Joseph Kyzer, Moore’s communications director, told Policy Watch in an email that Moore is seeking re-election to the state House in 2020, and “plans to run for another term as Speaker if elected, and is focused on serving higher education students and campuses through his position in the General Assembly.”
Kyzer did not respond to a follow-up question asking whether Moore’s run for re-election would preclude him from also seeking the chancellorship at ECU.
Moore previously denied the rumors that he was seeking the UNC system presidency, though his denials became less emphatic as those rumors intensified.
Members of the UNC Board of Governors told Policy Watch that there is enough resistance to the idea that it is doubtful Moore could be appointed to that position.
The open chancellorship at ECU would be more attainable, they said.
Both the UNC System President and ECU Chancellor searches have been delayed as a result of the pandemic.
Fetzer’s attempt to prevent Isley from joining the board is related to the chancellor search, one ECU trustee told Policy Watch this week.
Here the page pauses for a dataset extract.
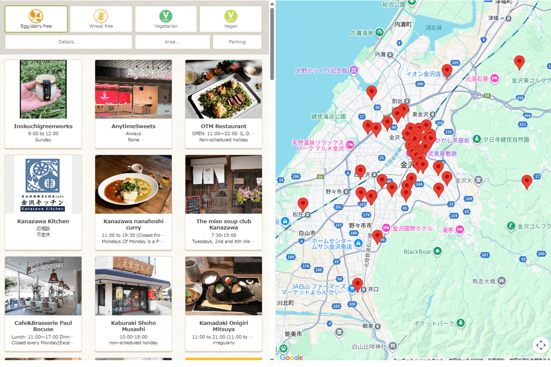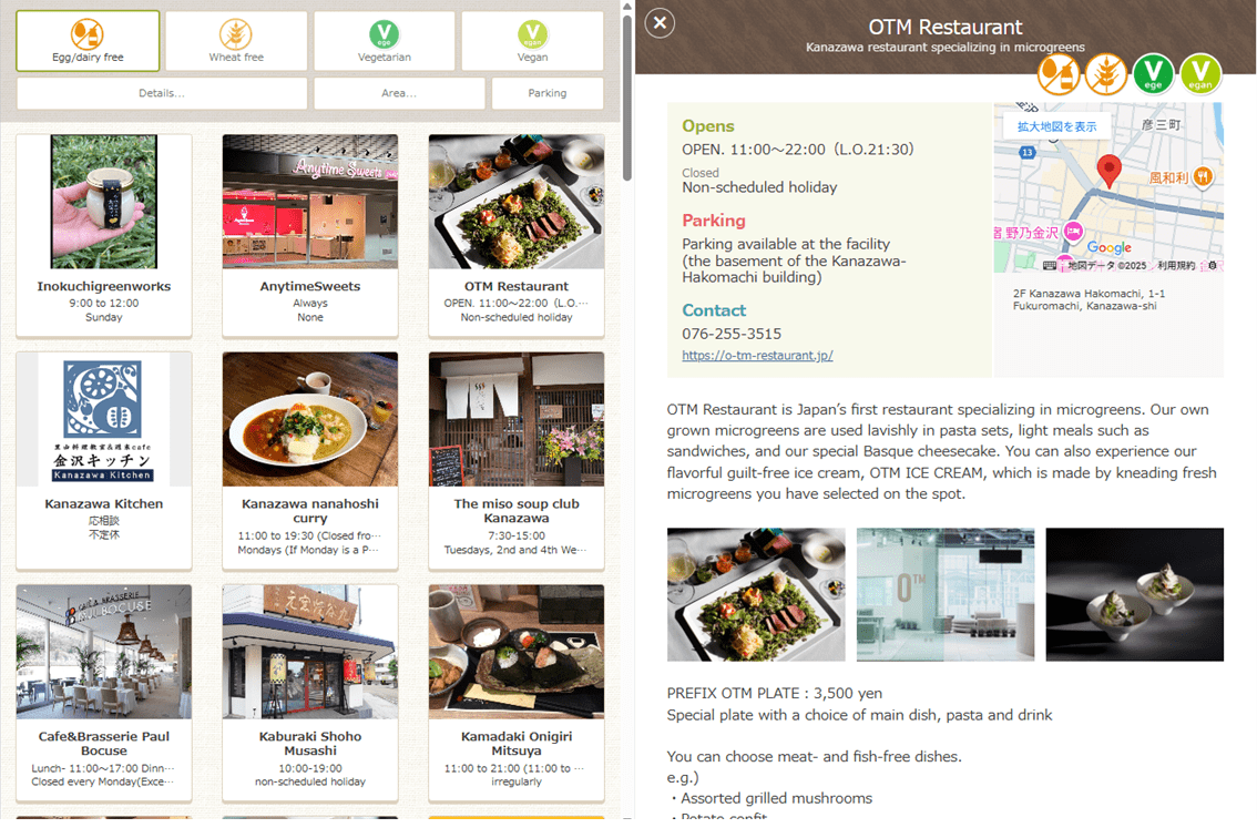 This digital map helps people with allergies, vegetarians, and vegans find suitable restaurants.
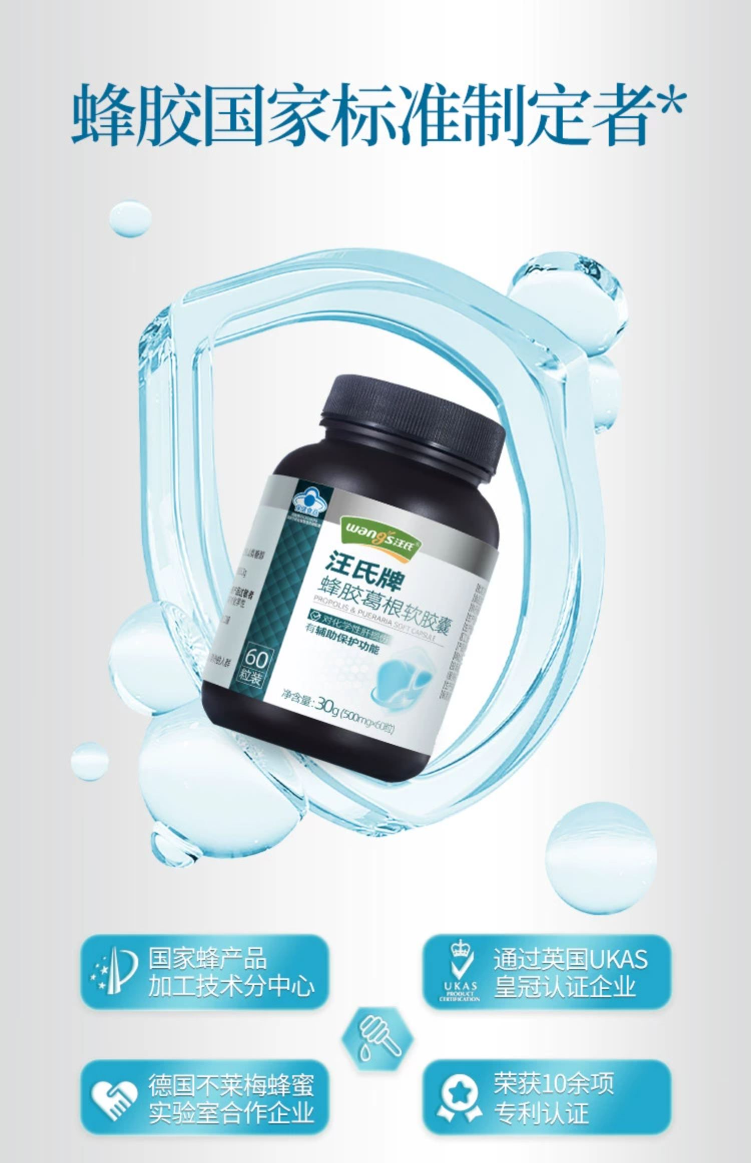 汪氏牌蜂胶葛根软胶囊30g 养护肝损伤 呵护酒精肝

The first part of that search will be conducted by the school’s trustees.
“I think Fetzer and some other people too are going to try to do everything they can to influence who is on this board,” the trustee said. “They know that who is on this board is going to have a lot of weight as to the decision on the next chancellor.”
“It should not be about politics and influence,” the trustee said. “We should choose the best chancellor for this University period and nobody who wants that position should be involved in who makes that choice and how it is done.”